[EXERCISE DESCRIPTION]: The task for the listing below is to write out exactly the lines starting at the one containing "系统设置中,您可以新增删除报" and ending at the one containing "玄関を開けると、「ごめんね。", both included. Pictures are to be omitted.

[SOURCE INFORMATION]:
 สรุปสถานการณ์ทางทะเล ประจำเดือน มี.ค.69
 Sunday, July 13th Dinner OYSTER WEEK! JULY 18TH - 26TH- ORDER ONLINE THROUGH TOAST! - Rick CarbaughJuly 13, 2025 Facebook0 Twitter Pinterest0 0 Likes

--

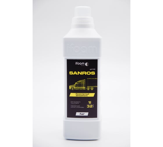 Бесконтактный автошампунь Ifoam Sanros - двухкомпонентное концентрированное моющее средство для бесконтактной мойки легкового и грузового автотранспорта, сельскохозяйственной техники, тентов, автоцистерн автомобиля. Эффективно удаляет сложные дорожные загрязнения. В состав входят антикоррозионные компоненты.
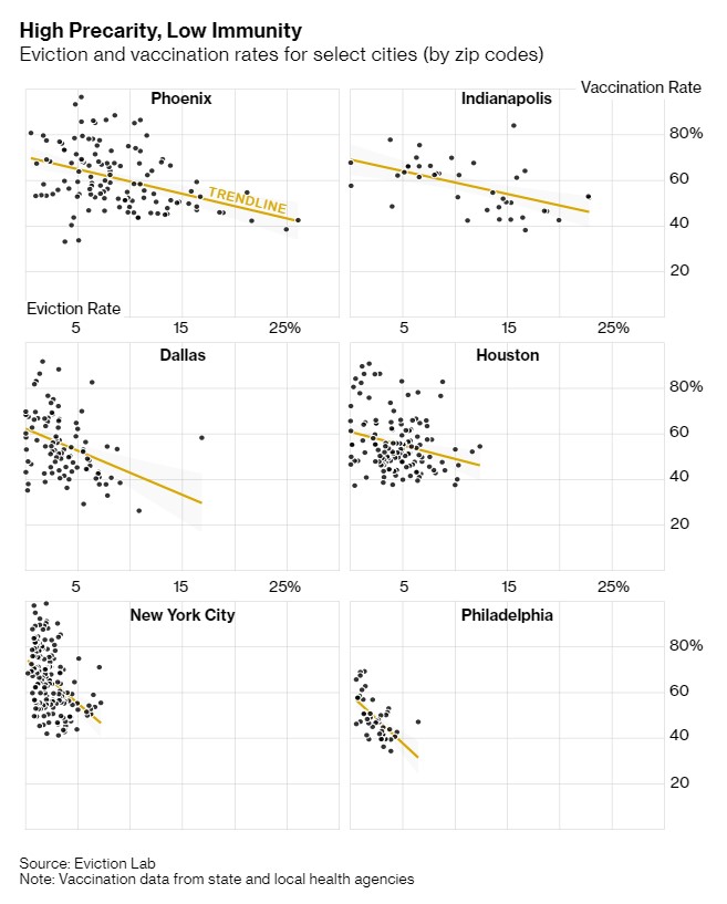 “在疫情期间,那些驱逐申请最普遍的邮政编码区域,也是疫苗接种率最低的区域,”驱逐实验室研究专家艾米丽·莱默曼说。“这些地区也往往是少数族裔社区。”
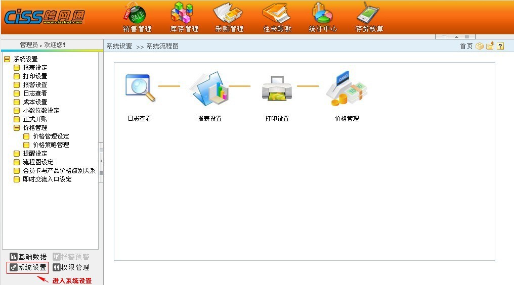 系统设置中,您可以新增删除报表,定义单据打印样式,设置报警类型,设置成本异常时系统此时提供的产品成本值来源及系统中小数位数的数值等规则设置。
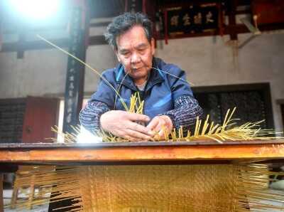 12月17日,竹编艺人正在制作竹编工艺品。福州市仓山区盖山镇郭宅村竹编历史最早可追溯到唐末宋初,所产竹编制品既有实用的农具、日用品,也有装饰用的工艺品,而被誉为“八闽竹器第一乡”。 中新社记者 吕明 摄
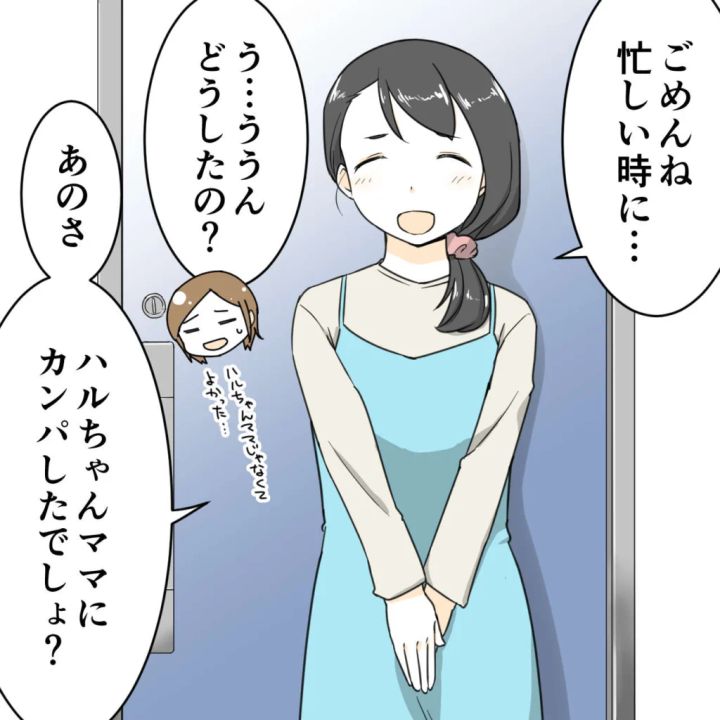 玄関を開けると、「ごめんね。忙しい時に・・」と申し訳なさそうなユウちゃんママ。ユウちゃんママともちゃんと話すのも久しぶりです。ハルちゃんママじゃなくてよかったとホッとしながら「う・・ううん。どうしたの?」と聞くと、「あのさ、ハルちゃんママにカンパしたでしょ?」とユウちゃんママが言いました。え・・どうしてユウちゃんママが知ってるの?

---

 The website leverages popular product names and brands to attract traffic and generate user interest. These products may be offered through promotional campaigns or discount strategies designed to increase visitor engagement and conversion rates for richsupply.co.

[RESPONSE TO THE TASK]:
 系统设置中,您可以新增删除报表,定义单据打印样式,设置报警类型,设置成本异常时系统此时提供的产品成本值来源及系统中小数位数的数值等规则设置。
 12月17日,竹编艺人正在制作竹编工艺品。福州市仓山区盖山镇郭宅村竹编历史最早可追溯到唐末宋初,所产竹编制品既有实用的农具、日用品,也有装饰用的工艺品,而被誉为“八闽竹器第一乡”。 中新社记者 吕明 摄
 玄関を開けると、「ごめんね。忙しい時に・・」と申し訳なさそうなユウちゃんママ。ユウちゃんママともちゃんと話すのも久しぶりです。ハルちゃんママじゃなくてよかったとホッとしながら「う・・ううん。どうしたの?」と聞くと、「あのさ、ハルちゃんママにカンパしたでしょ?」とユウちゃんママが言いました。え・・どうしてユウちゃんママが知ってるの?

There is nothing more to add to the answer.